> **PROBLEM TO WORK ON**: When you copy the listing, reproduce each line as it appears and omit every image.

Segment Start: PROVIDED DATA

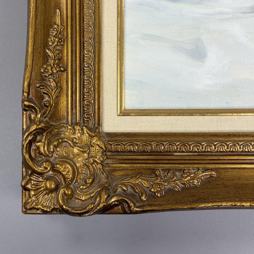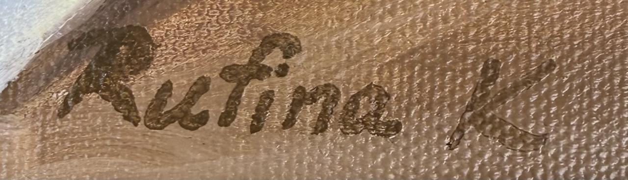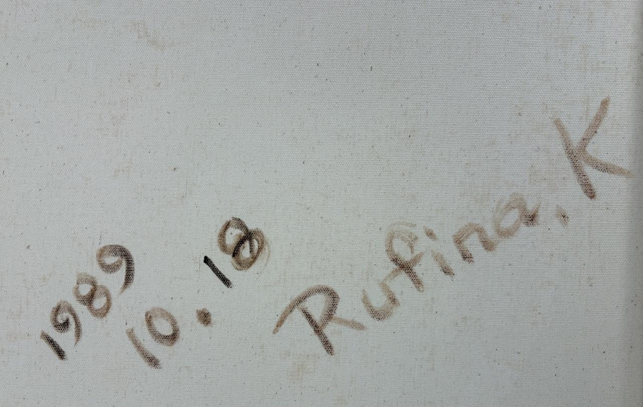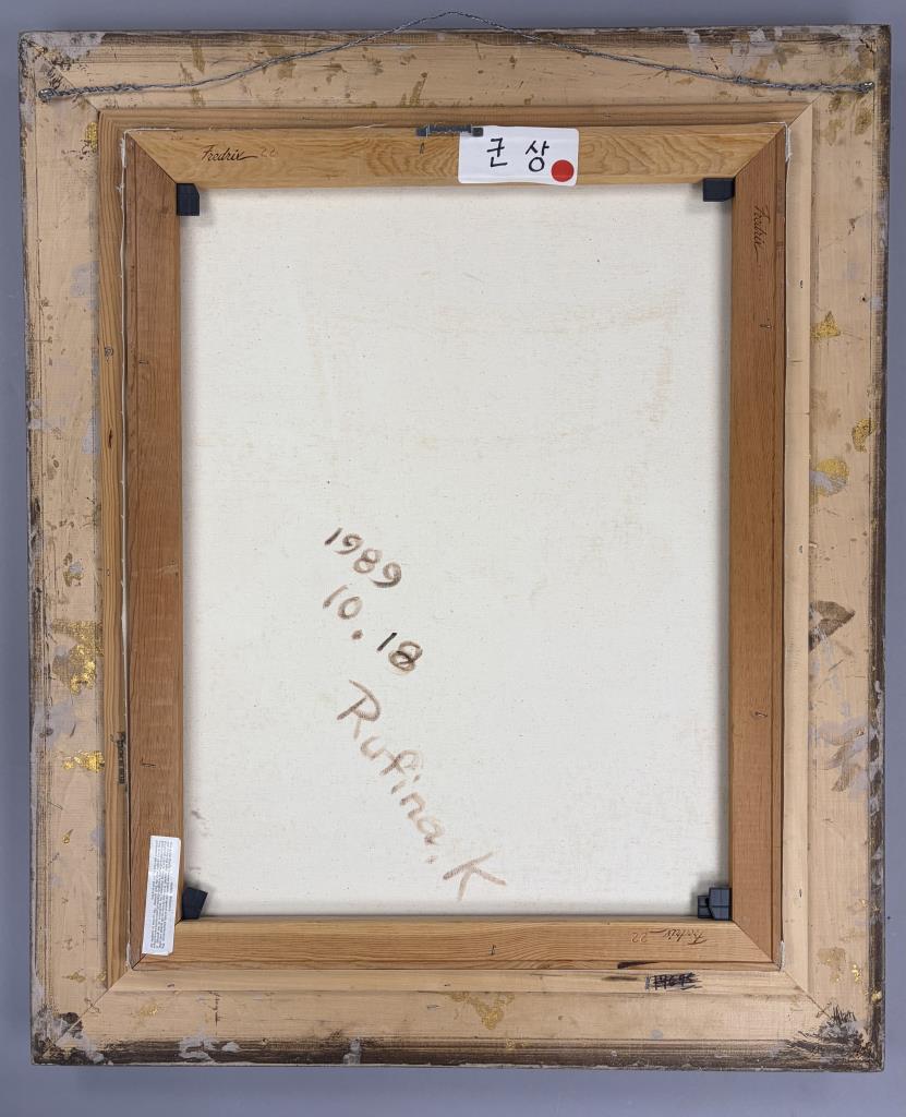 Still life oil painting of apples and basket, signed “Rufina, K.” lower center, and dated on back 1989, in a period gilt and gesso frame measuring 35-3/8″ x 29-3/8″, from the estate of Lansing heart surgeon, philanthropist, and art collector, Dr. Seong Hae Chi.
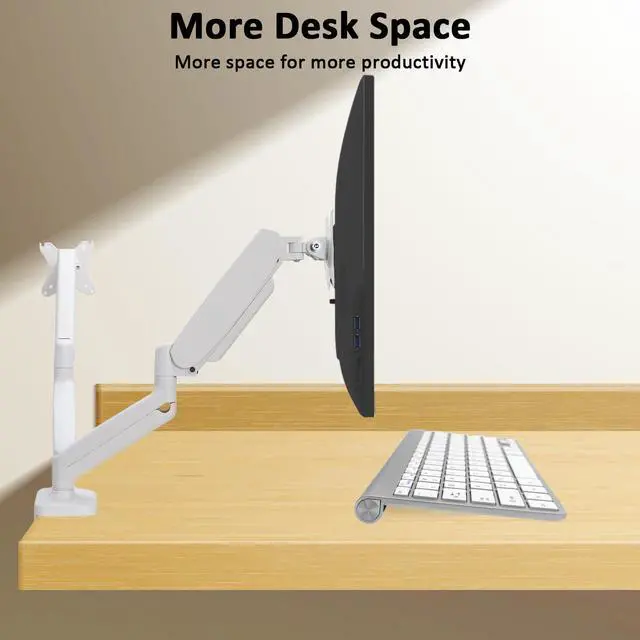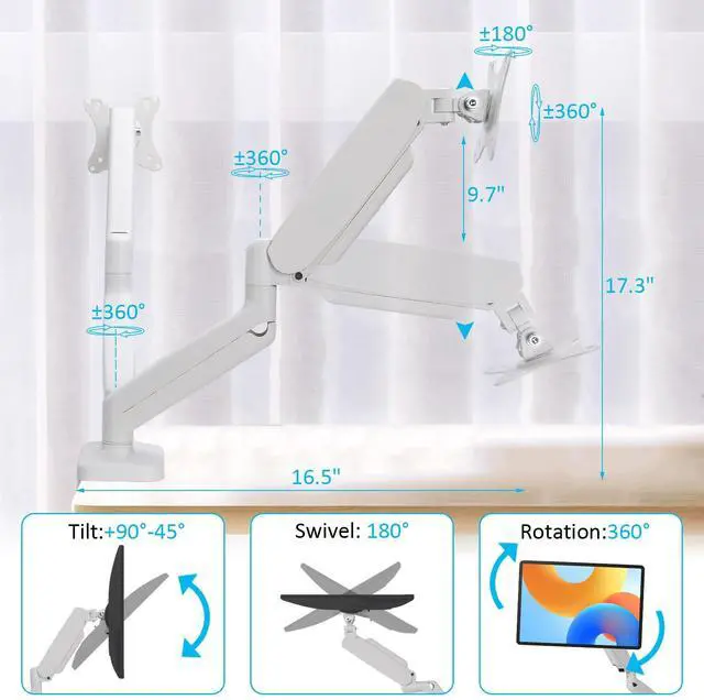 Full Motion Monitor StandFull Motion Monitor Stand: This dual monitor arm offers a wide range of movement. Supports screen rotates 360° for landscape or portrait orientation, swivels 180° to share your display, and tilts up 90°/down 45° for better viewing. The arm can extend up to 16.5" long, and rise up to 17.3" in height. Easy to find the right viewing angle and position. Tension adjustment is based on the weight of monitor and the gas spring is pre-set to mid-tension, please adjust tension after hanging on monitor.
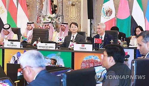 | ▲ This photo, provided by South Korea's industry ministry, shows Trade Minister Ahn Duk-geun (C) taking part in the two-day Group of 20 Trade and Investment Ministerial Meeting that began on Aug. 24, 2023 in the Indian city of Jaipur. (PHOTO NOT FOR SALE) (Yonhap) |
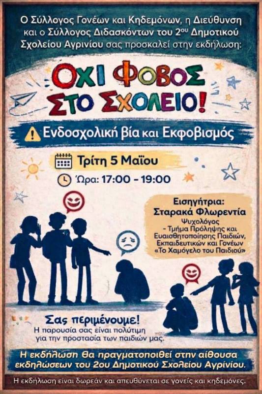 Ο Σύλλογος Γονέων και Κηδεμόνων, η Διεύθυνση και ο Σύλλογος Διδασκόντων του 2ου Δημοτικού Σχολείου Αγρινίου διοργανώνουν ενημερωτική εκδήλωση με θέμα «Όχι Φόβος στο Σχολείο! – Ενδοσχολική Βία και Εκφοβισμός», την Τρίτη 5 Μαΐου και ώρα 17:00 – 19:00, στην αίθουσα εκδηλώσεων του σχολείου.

Segment End: PROVIDED DATA

> **ANSWER SECTION**:
 Still life oil painting of apples and basket, signed “Rufina, K.” lower center, and dated on back 1989, in a period gilt and gesso frame measuring 35-3/8″ x 29-3/8″, from the estate of Lansing heart surgeon, philanthropist, and art collector, Dr. Seong Hae Chi.
 Full Motion Monitor StandFull Motion Monitor Stand: This dual monitor arm offers a wide range of movement. Supports screen rotates 360° for landscape or portrait orientation, swivels 180° to share your display, and tilts up 90°/down 45° for better viewing. The arm can extend up to 16.5" long, and rise up to 17.3" in height. Easy to find the right viewing angle and position. Tension adjustment is based on the weight of monitor and the gas spring is pre-set to mid-tension, please adjust tension after hanging on monitor.
 | ▲ This photo, provided by South Korea's industry ministry, shows Trade Minister Ahn Duk-geun (C) taking part in the two-day Group of 20 Trade and Investment Ministerial Meeting that began on Aug. 24, 2023 in the Indian city of Jaipur. (PHOTO NOT FOR SALE) (Yonhap) |
 Ο Σύλλογος Γονέων και Κηδεμόνων, η Διεύθυνση και ο Σύλλογος Διδασκόντων του 2ου Δημοτικού Σχολείου Αγρινίου διοργανώνουν ενημερωτική εκδήλωση με θέμα «Όχι Φόβος στο Σχολείο! – Ενδοσχολική Βία και Εκφοβισμός», την Τρίτη 5 Μαΐου και ώρα 17:00 – 19:00, στην αίθουσα εκδηλώσεων του σχολείου.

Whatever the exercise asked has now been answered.